To be clear, I do think prostitutes deserve equality before the law. Despite the fact that they are self-degraders; despite their willing engagement in risk; they should be equally protected by our law enforcement; when a crime is committed against them, that crime must be prosecuted vigorously.
     However, the prostitute lobby seeks more than equality: it demands workplace protection, blanket protection of the prostitute corps wherever it is, as if sex-traders were women working in a factory. Cops would then be patrolling under bridges -- benignly -- and cities would have brothels intermingled with Toys R Us.
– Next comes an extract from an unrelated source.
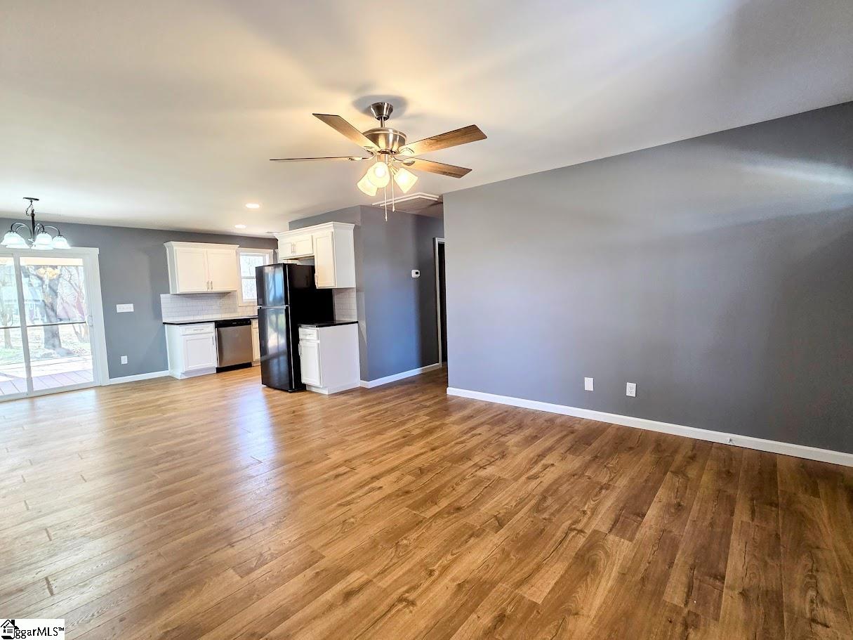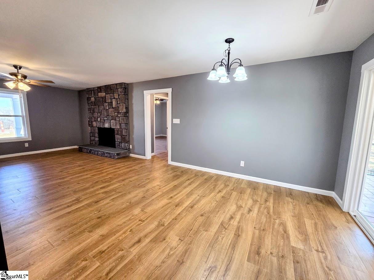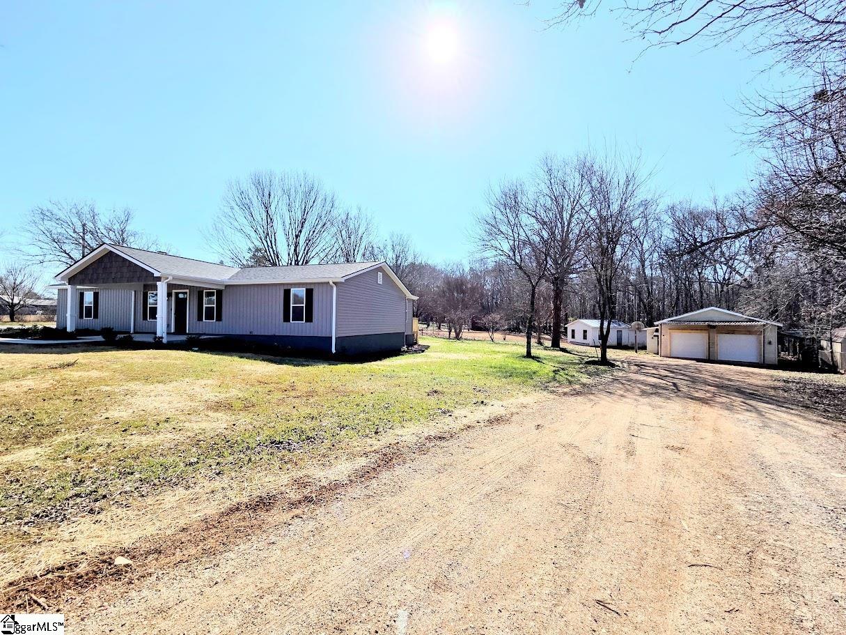 Welcome to 103 Blossom Branch Ext, a stunning 4-bedroom, 2-bathroom home located in the charming town of Piedmont, SC in the highly sought after Wren School District. This home is a perfect blend of style and comfort. The interior boasts a seamless aesthetic with brand-new, low-maintenance LVP flooring installed throughout, offering both durability and modern appeal for busy lifestyles. The kitchen is a chef's dream, equipped with a refrigerator, stove, dishwasher, and an over-the-range microwave. The granite countertops, new custom kitchen cabinets, and open floor plan make it a delightful space for cooking and entertaining. The heart of the home is the inviting living room, anchored by a striking, floor-to-ceiling rock fireplace that offers a touch of rustic charm with the warmth of a wood-burning fire. Smooth ceilings and overhead fans provide comfort, enhancing the room’s open and airy feel. The master suite is a private sanctuary with its own private entrance and double closets. Attached master bath is curated for comfort and functionality featuring new tub/shower combo, toilet, and custom granite double-sink vanity with enhanced ambiance of updated, modern lighting. From the new roof to the driveway, this home has been meticulously updated. Exterior features include brand-new vinyl siding, a new garage door, and a smooth concrete driveway leading to the one-car attached garage. Function meets comfort in this home's exterior features, headlined by a generously proportioned screened-in porch that seamlessly extends your living space. The oversized yard is complemented by a detached multi-purpose 4 car garage, offering a dedicated space for projects and storage.

This is wrong, arrogant, and preposterous.
Who, then, is lobbying for legalized and open prostitution in Canada? Chiefly it is organized prostitution, a portion of the feminists, and liberally minded people who are sympathetic to poor aboriginals. The liberals are mobilized when they get news of crimes against prostitutes. It is hard not to be moved by such stories, especially that of the Picton outrage in British Columbia. I share the emotion. However, I'm not about to throw social values (to say nothing of reason) out the window simply because one criminal has pounced on his grisly opportunities. And that is the unvarnished case: most prostitute victims are victims of an environment of crime they've chosen to live in.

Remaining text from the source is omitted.